“Unless one says goodbye to what one loves, and unless one travels to completely new territories, one can expect merely a long wearing away of oneself and an eventual extinction.” –JEAN DEBUFFET
Change is a scary thing — no question. It can mean great gains. It can mean great loss. But not changing? Not growing? Even scarier. So…
Changes anyone?
On June 1st, I will leave SW Missouri and move to Houston, TX where ‘changing things up’ will come in the form of swapping my full-time teaching responsibilities for full-time writing.
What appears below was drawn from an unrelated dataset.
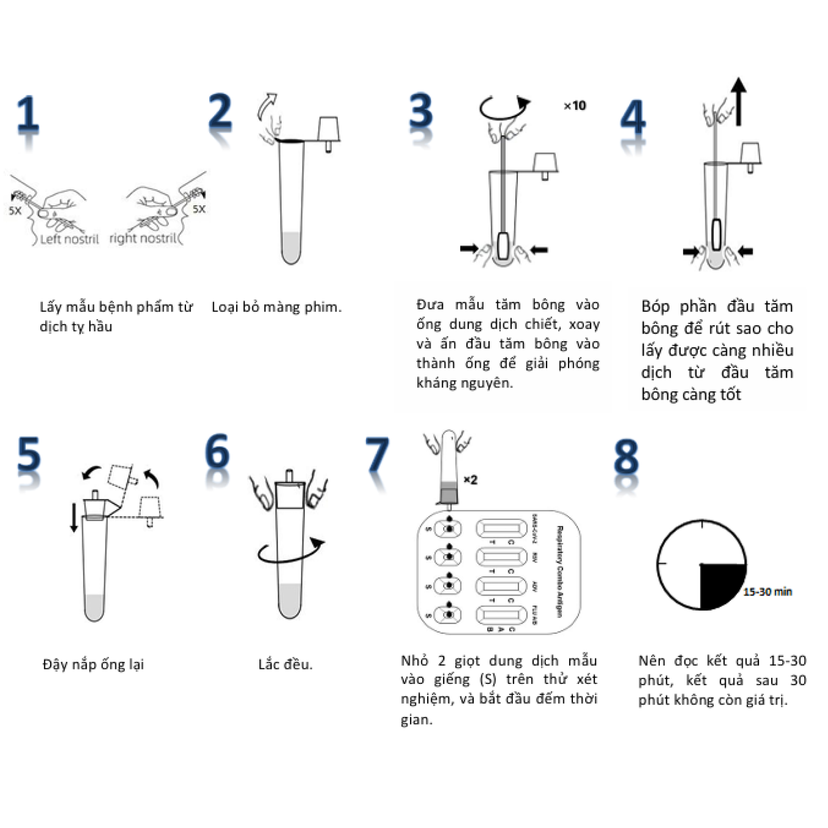 - Chỉ sử dụng tăm bông vô trùng được cung cấp trong Bộ Respiratory Combo Antigen Rapid Test.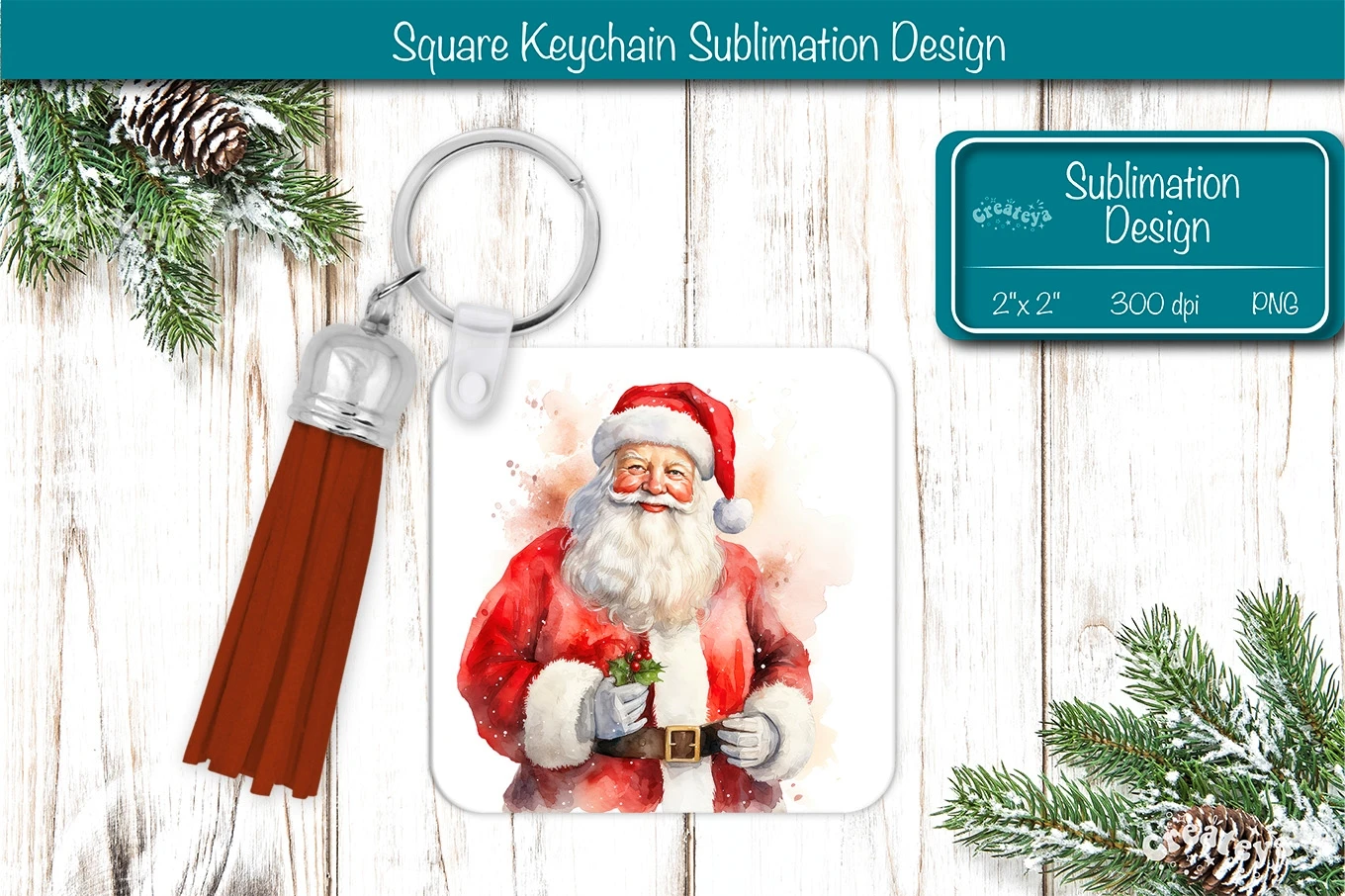 Square keychain sublimation Christmas keychain sublimation design with Watercolor Santa Keychain PNG. Christmas Sublimation Square keychain with adorable snowman, vibrant colors, and lasting memories. Perfect as a delightful gift.

After years of teaching at Missouri State University, the time has come to embrace a bit of fear and ‘travel to new territories.’ I’ll still teach a few classes a year online for MSU. I enjoy nudging the next generation of creative talent too much to say goodbye completely, but the time has come to make some changes. To embrace other aspects of my life including writing, my marriage, and! Living in Houston will provide me with the opportunity to live in an international culture more in line with my New York state of mind.
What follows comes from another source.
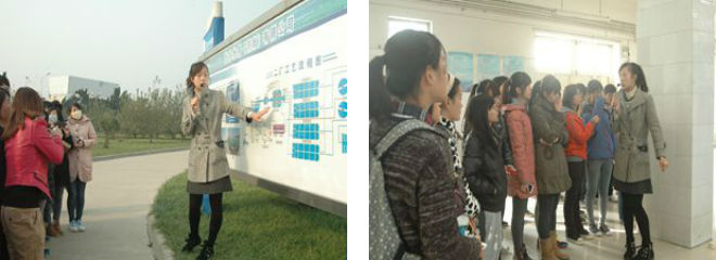 同学们上午8点在校门口集合,在老师的带领下到达位于济南的光大水务有限公司。同学们被分成俩组,由水务公司的相关负责人带领着同学们参观污水治理的流程,首先,负责人向同学们大体介绍了工艺流程。在了解大概的流程之后,同学们顺着污水的处理路线,从粗格栅和进水汞房,到配水井,终沉池,到最后的出水生物指示池,每一步的流程都有相关人员专业详细的介绍,解答同学们的各种疑问。负责人的介绍让同学们清楚的了解污水处理的各项流程,最后,由水厂负责人总结此次污水治理厂参观的大体情况,并给予学生们真挚的鼓励。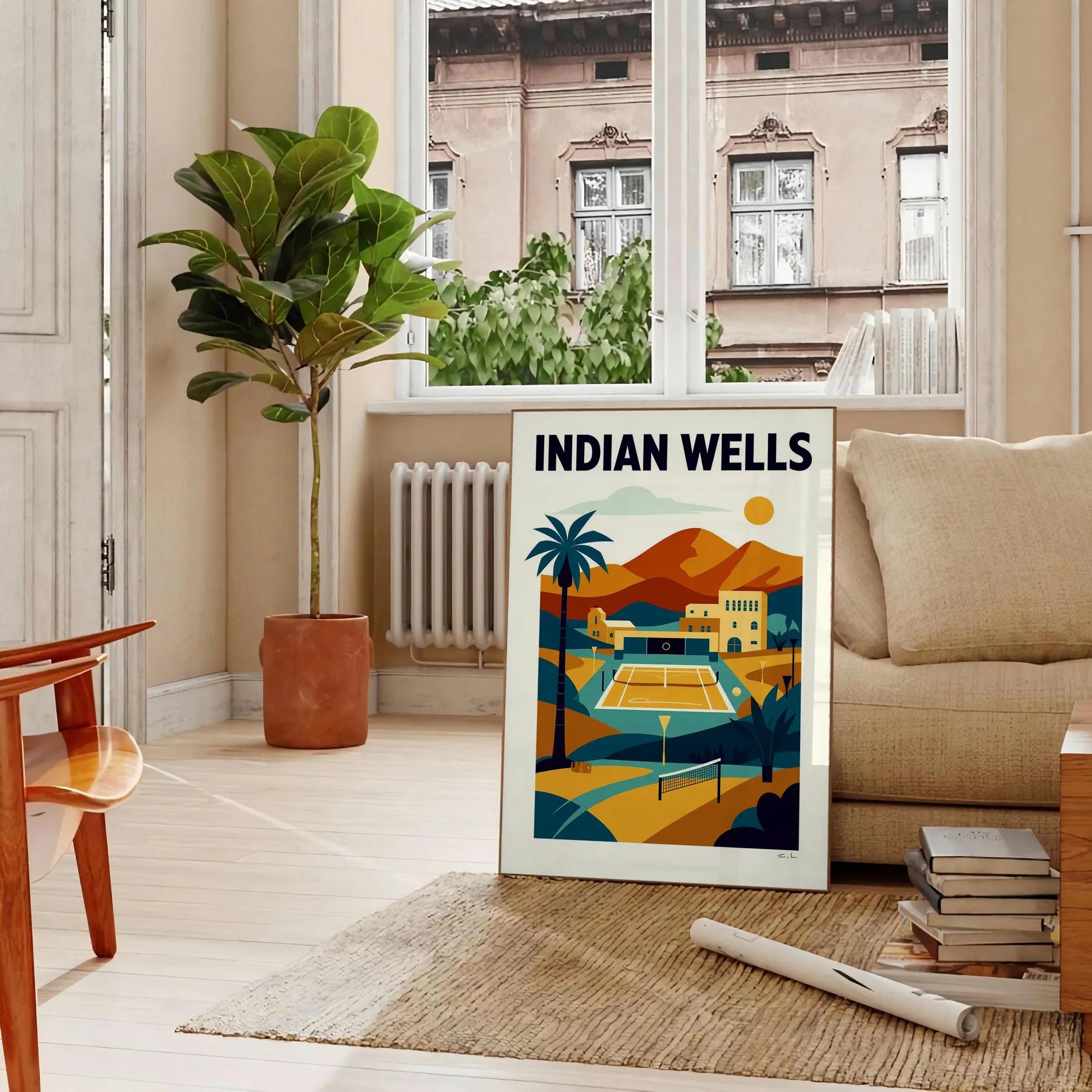 Ravviva il tuo spazio con il poster di tennis Indian Wells, caratterizzato da vivaci tonalità arancioni e verdi. Questo pezzo d'arte è perfetto per appassionati di tennis e sportivi.

For the past seventeen years, I have squeezed as much experience out of farm life, teaching and parenthood as possible. For a NYC girl who then went on to spend years in Los Angeles, life in the MidWest has been a daily culture shock, but in between the wonderful and bleak, I’ve made exceptional friends and worked with extraordinary colleagues. Not all of those friends were two-legged, either. Our home has been blessed with a panoply of animal friends who — through their generosity of spirit and unconditional acceptance — taught us a great deal about the capacity to love.
While Houston was an active choice, oftentimes change is out of our control. It rips open our doors, punches us in the gut, and snatches away elements in our lives that gave us meaning. And while I recognize that life has a ‘funny’ way of forcing us forward, loss is never a form of change I do well with.
Sadly, the other big change that has happened recently is having to say goodbye to my horse, Buster. At 24 years of age, Buster’s heart began to give out. My noble friend and longtime companion could barely walk, and while a dog or cat can continue for a while like that, it’s no life for a creature whose daily joy was derived from running like the wind across the pasture (with his miniature donkey pets in tow). Half Thoroughbred, half Quarter Horse, Buster was the king of our farm. Any animal or person who took up residence here was nuzzled in welcome. He loved everyone and everything — a genuine believer in interspecies love. Of course, he had his particular favorites. Any time the cows were in an adjacent pasture, we could always find Buster at the fence nuzzling a particular Black Angus cow with a #10 tag. Buster had a pet barn cat for many years as well — Daria — and to this day, I’m pretty certain that the cat believed she owned the horse not vice versa.
A few months after Daria showed up on our farm — pregnant and barely out of kitten-hood — she took up residency in the horse barn. The two were inseparable. Whenever I took Buster for a ride, Daria galloped close behind. If I took an afternoon to give Buster a bath, she would curl up by the wash bucket and mew occasional instructions. Trust me, it would take HOURS to bath Buster: At 16 1/2 hands, he weighed close to 1400 pounds. That’s a lot of horse!
I bring up Daria, because my fondest memory of my gentle giant of a horse is the day she gave birth. We had gone down to the pasture only to discover that Buster was inside the barn. I walked in and found him over by his hay manger, a wooden tray built into the wall. Inside the tray was Daria and five mewling newborns. Buster’s nose was barely inches away as he gazed on those little furballs.
I strode up beside him, petted his neck and asked, “So… What do you think, Buster?”
He lifted his head from the kittens, turned toward me and sighed, content. A moment later, I was forgotten as he returned his attention to his new room-mates.

Those kittens were a change he embraced fully. As the weeks went on and they learned to walk, Buster would gently nudge their wobbly legs back under them. Eventually, they were given new homes with friends (and with us), but Daria stayed with Buster for many years, oftentimes curling up on top of him when they’d lay down to sleep.
I’ll miss them both and although they’ve passed away, the lessons learned from their friendship will stay with me a lifetime. Pluralism comes in many forms and while our country, and indeed our world, seem unable to understand the value of accepting and relishing diversity, the fact that a cat and a horse had no difficulty makes me all the sadder that this change — the loss of these noble animals — has occurred in my life, but…
“Forward, forward let us range,
Let the great world spin for ever down the ringing grooves of change.”